[COLLECTED MATERIAL]
#####
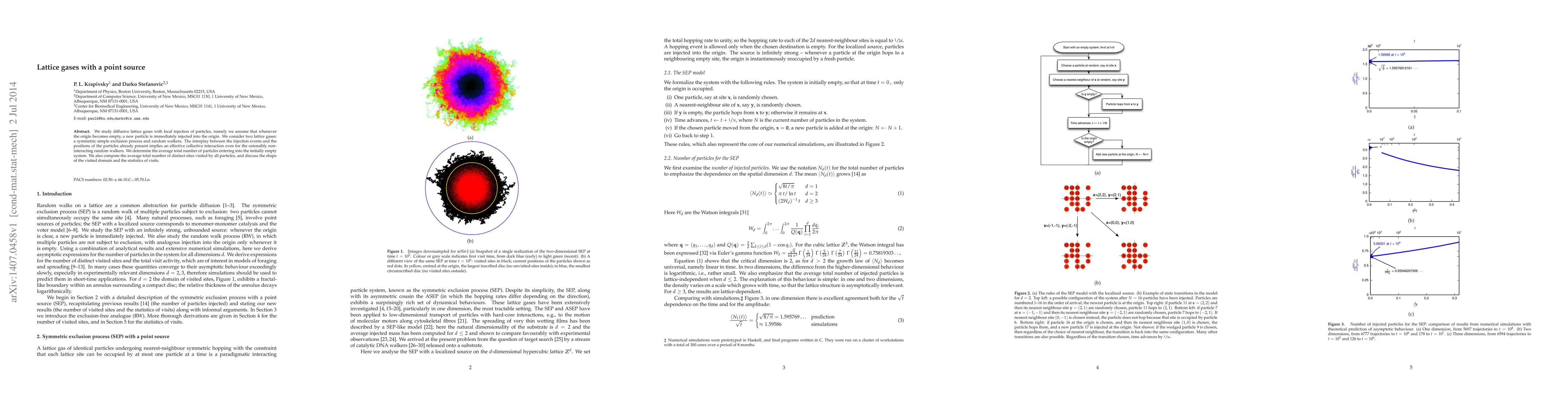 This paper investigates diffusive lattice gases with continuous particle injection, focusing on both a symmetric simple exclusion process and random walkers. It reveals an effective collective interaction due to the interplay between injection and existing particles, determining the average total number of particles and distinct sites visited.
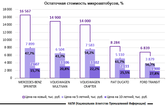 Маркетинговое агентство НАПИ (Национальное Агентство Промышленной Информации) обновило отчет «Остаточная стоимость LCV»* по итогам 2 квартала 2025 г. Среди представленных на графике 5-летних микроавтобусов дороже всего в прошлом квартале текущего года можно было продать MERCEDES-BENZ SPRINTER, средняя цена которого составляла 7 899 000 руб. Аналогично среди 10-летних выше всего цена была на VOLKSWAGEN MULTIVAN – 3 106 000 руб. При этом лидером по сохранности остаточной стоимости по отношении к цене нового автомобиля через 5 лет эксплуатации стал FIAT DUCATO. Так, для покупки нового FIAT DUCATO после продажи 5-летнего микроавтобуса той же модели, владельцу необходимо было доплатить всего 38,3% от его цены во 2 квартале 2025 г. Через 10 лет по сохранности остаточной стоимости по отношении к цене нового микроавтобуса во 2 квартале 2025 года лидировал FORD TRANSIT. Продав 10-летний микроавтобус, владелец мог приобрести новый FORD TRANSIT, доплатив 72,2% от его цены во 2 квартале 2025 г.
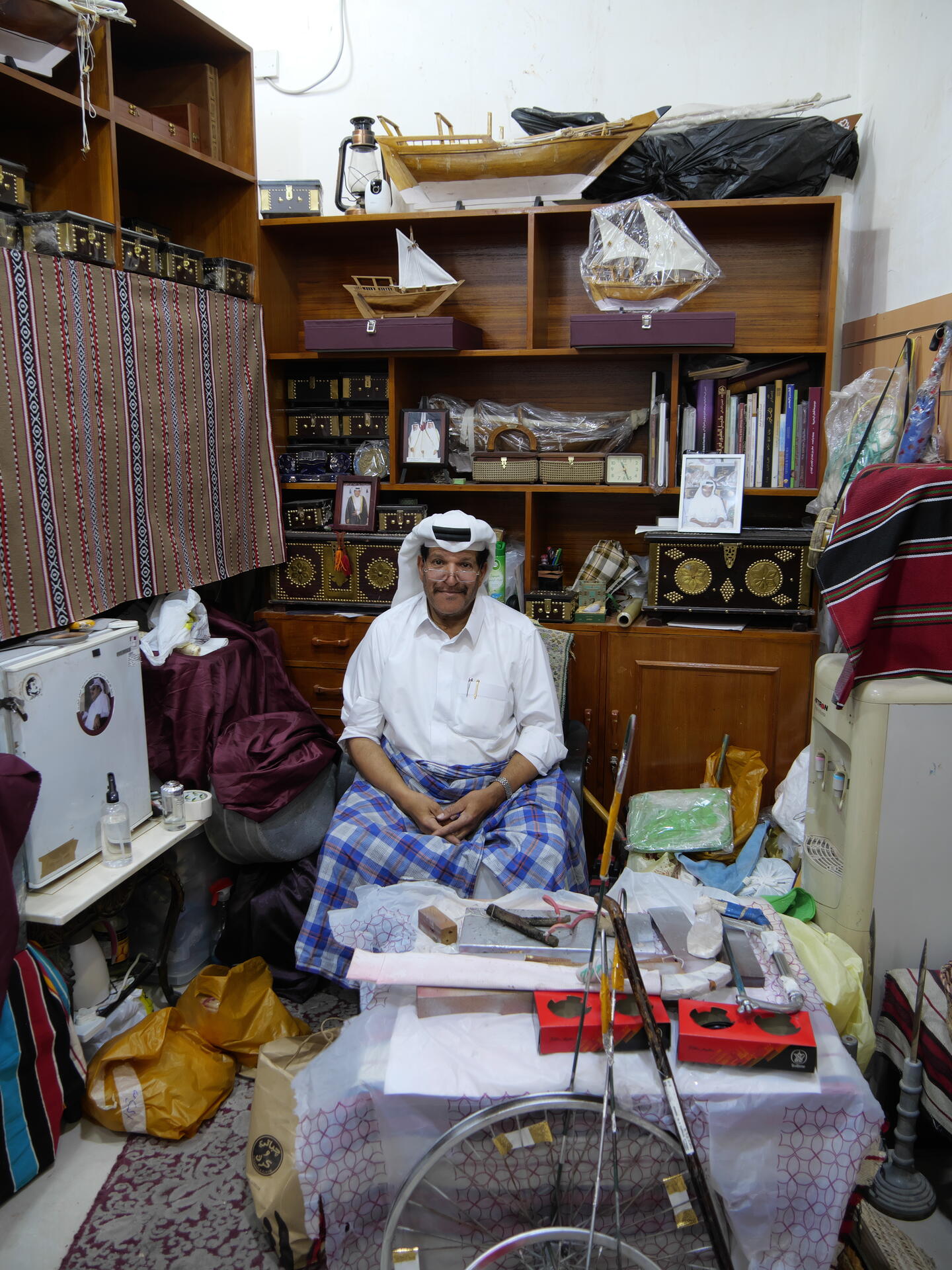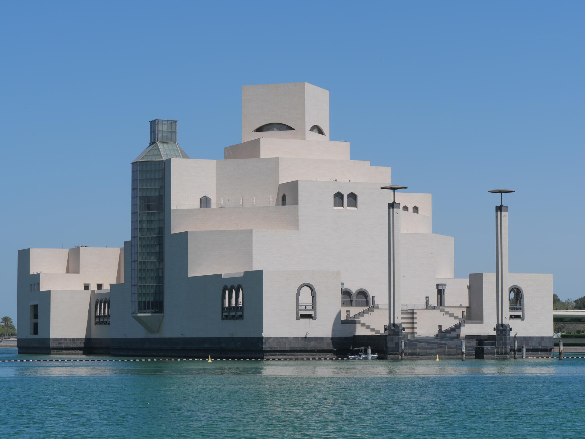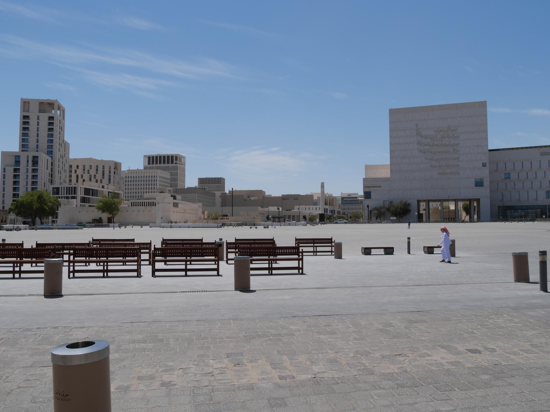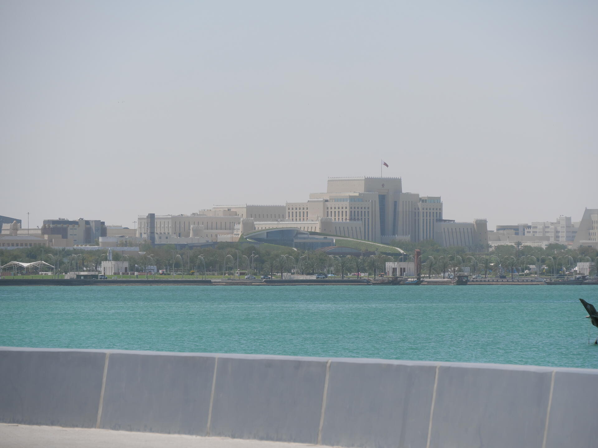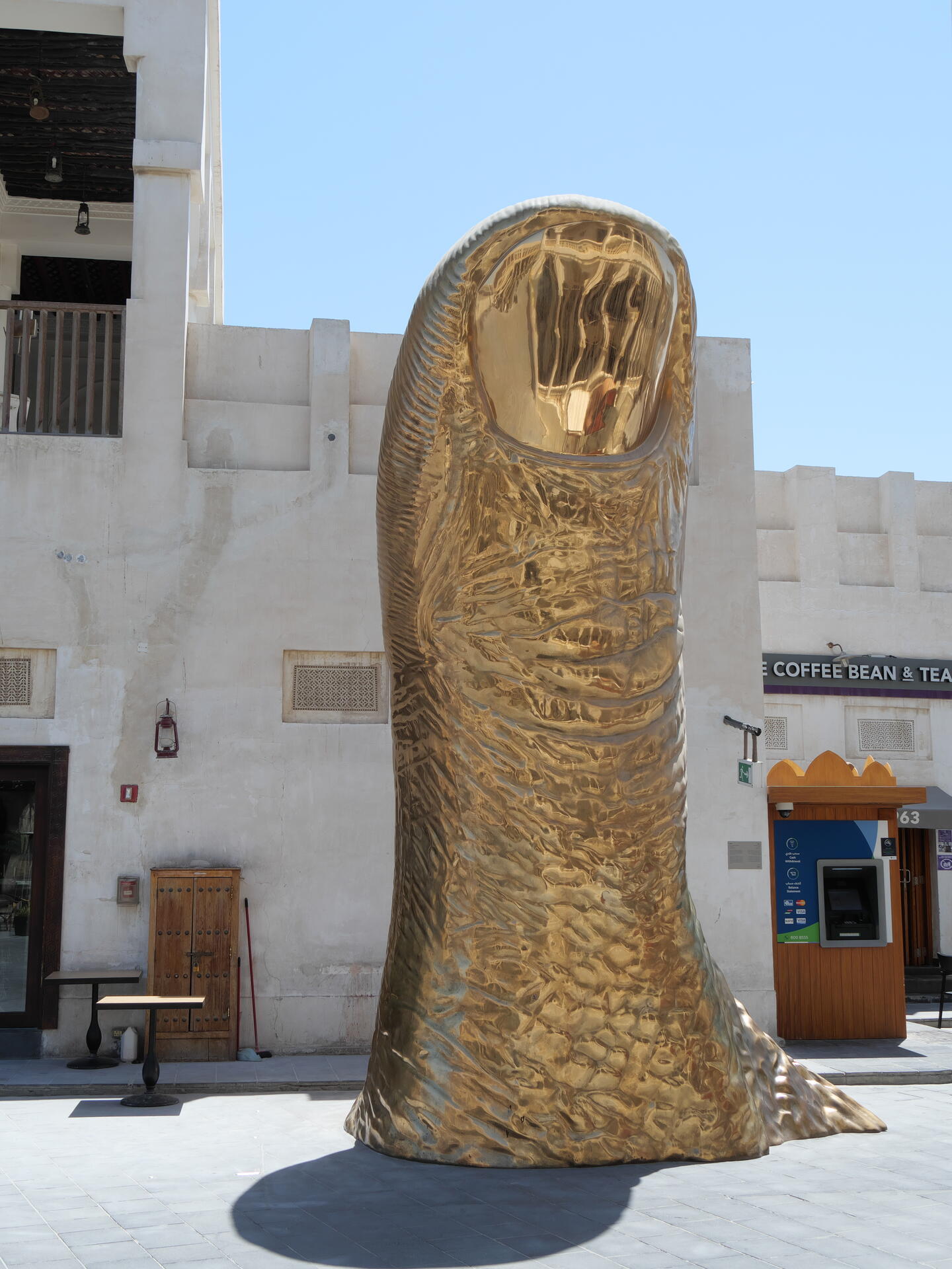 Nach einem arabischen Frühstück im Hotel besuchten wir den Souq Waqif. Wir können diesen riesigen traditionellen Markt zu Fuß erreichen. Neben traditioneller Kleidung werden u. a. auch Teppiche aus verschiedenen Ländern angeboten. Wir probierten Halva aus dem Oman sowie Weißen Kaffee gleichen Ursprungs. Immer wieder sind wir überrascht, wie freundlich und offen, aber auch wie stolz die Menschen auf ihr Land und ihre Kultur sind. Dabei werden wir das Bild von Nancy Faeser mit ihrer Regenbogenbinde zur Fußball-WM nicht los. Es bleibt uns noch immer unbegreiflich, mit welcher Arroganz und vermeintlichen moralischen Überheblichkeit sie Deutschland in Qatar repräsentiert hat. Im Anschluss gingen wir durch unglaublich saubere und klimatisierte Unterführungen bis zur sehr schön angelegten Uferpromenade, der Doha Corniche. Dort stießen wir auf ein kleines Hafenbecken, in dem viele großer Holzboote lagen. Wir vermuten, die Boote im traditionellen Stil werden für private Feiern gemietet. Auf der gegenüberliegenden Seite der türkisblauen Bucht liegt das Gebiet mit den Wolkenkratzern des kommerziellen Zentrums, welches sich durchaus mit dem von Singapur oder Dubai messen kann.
#####
[WORK REQUEST] Give back the full listing word for word, with the pictures left out.

[SOLVED PROBLEM]
 This paper investigates diffusive lattice gases with continuous particle injection, focusing on both a symmetric simple exclusion process and random walkers. It reveals an effective collective interaction due to the interplay between injection and existing particles, determining the average total number of particles and distinct sites visited.
 Маркетинговое агентство НАПИ (Национальное Агентство Промышленной Информации) обновило отчет «Остаточная стоимость LCV»* по итогам 2 квартала 2025 г. Среди представленных на графике 5-летних микроавтобусов дороже всего в прошлом квартале текущего года можно было продать MERCEDES-BENZ SPRINTER, средняя цена которого составляла 7 899 000 руб. Аналогично среди 10-летних выше всего цена была на VOLKSWAGEN MULTIVAN – 3 106 000 руб. При этом лидером по сохранности остаточной стоимости по отношении к цене нового автомобиля через 5 лет эксплуатации стал FIAT DUCATO. Так, для покупки нового FIAT DUCATO после продажи 5-летнего микроавтобуса той же модели, владельцу необходимо было доплатить всего 38,3% от его цены во 2 квартале 2025 г. Через 10 лет по сохранности остаточной стоимости по отношении к цене нового микроавтобуса во 2 квартале 2025 года лидировал FORD TRANSIT. Продав 10-летний микроавтобус, владелец мог приобрести новый FORD TRANSIT, доплатив 72,2% от его цены во 2 квартале 2025 г.
 Nach einem arabischen Frühstück im Hotel besuchten wir den Souq Waqif. Wir können diesen riesigen traditionellen Markt zu Fuß erreichen. Neben traditioneller Kleidung werden u. a. auch Teppiche aus verschiedenen Ländern angeboten. Wir probierten Halva aus dem Oman sowie Weißen Kaffee gleichen Ursprungs. Immer wieder sind wir überrascht, wie freundlich und offen, aber auch wie stolz die Menschen auf ihr Land und ihre Kultur sind. Dabei werden wir das Bild von Nancy Faeser mit ihrer Regenbogenbinde zur Fußball-WM nicht los. Es bleibt uns noch immer unbegreiflich, mit welcher Arroganz und vermeintlichen moralischen Überheblichkeit sie Deutschland in Qatar repräsentiert hat. Im Anschluss gingen wir durch unglaublich saubere und klimatisierte Unterführungen bis zur sehr schön angelegten Uferpromenade, der Doha Corniche. Dort stießen wir auf ein kleines Hafenbecken, in dem viele großer Holzboote lagen. Wir vermuten, die Boote im traditionellen Stil werden für private Feiern gemietet. Auf der gegenüberliegenden Seite der türkisblauen Bucht liegt das Gebiet mit den Wolkenkratzern des kommerziellen Zentrums, welches sich durchaus mit dem von Singapur oder Dubai messen kann.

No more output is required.